10 Nutrition Myths That You Need to Stop Believing

“A lie told often enough becomes the truth” – this is how many ideas got into our heads. This is how we find ourselves being so sure about a fact until someone asks, “How do you know?” and then we realize the answer is “Because everyone else says the same thing”.

Debunking popular nutrition myths

Eating late

1. You will gain more weight if you eat late at night

FALSE. Generally, you will gain weight if you eat more calories than you are required. Of course, not all calories are the same (e.g. dietary fiber, which promotes digestion and even carries some of the calories out). But in the long run, gaining weight is related to how much you eat, not necessarily when you eat it.

The belief that you get fatter if you eat before bedtime is because by that time most people have already eaten breakfast, lunch, and dinner (and God knows what else) and that late-night snack really spills the bucket.

2. If you quit smoking, you’ll gain weight

FALSE. Quitting smoking is exactly what it is and nothing more. The weight gain is just for those people who choose to replace the satisfaction of getting nicotine from cigarettes to getting calories from food.

If you quit smoking and manage to raise your dopamine levels (previously raised by nicotine) from some other activity than eating (e.g.: physical activity), you will not gain any weight.

Butter

3. Eating saturated fats increases bad cholesterol levels

FALSE. Yes, it might be surprising, but more and more studies show no apparent connection between the risk of developing heart disease and consumption of saturated fat (sources 1 , 2).

Another study shows that replacing saturated fats with polyunsaturated fats lowered both HDL (good) and LDL (bad) cholesterol levels, although it reduced the risk of cardiovascular disease. Also, the same study concluded that replacing saturated fats with refined carbohydrates can harm your health.

4. A protein-rich diet can damage your kidneys

FALSE. People with kidney disease can worsen their condition by eating too much protein. Protein was shown to improve bone health for healthy individuals, and no link was found between protein consumption and kidney disease.

Honey vs sugar

5. Honey is healthier than sugar

TRUE. Of course, sugar is known as “empty calories,” and honey is a more nutritious choice. But keep in mind that honey is also highly caloric (about 300 kcal/100 gr) so you should eat it in moderation.

6. Herbal products are natural, so this means they’re safe

FALSE. It’s true some of them are quite harmless, but keep in mind an herb or a plant can contain hundreds or even thousands of chemical compounds (even if it’s natural), and some of them can interact with known drugs, pregnancy and medical conditions.

Don’t take natural products mindlessly. Seek advice from a doctor before you do, to ensure you won’t damage your health.

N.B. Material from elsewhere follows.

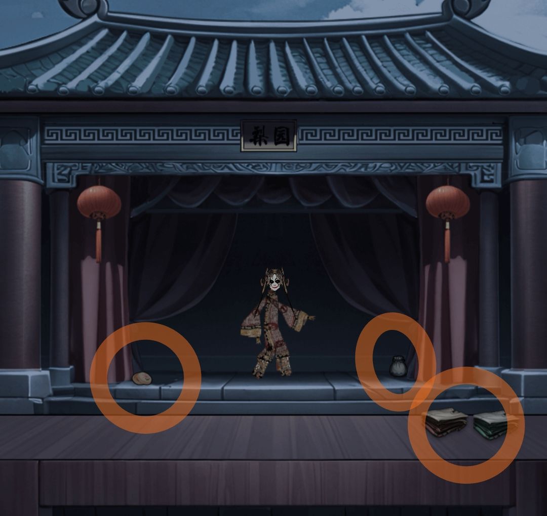走右面(前面有小高能突脸注意!),拿取戏台左右的物品,茶包和胭脂,台子上还有红绿两种颜色的戏服

7. You need to eat more protein to build muscle

TRUE. But not without regular physical activity and sufficient calorie intake. Simply eating protein will not make muscles grow like magic. And eating too much of it will get stored as fat, just like eating too much carbs or fat.

Meersalz

8. Sea salt is healthier than table salt

TRUE. Sea salt is usually less processed than table salt and thus is richer in minerals and other nutrients. Table salt is actually salt from underground deposits and it’s heavily processed, leaving it with little or no mineral content. Although both of types of salts have roughly equal amounts of sodium, it doesn’t mean you can eat more sea salt just because it has some extra minerals in it.

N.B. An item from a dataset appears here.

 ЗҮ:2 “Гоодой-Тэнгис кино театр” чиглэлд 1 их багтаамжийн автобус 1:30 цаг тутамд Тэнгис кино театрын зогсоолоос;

9. Diet soda will not get you fat, so it’s safe for your health

FALSE. Studies show that consumption of artificial sweeteners (also found in diet soda) can lead to uncontrollable appetite, and diet soda is also associated with an increased risk of obesity.

10. Meat is bad for your health

FALSE. Even though nowadays red meat has a bad name and poultry and fish are widely advertised, studies show that meat consumption in moderate amounts does have several benefits. Meat is rich in vitamin B12, and adequate intake reduces the risk of age-related brain shrinkage. However, processed meats like sausages and bacon can increase the risk of developing heart disease.

The conclusion is, don’t believe everything you read online. There are certain influencers or publications that advertise different products or nutrients simply for monetary gain. A nutrition article such as this can shed some light on many false nutrition facts found online. Evidently, we always encourage to get your facts from more than one source. Stay healthy!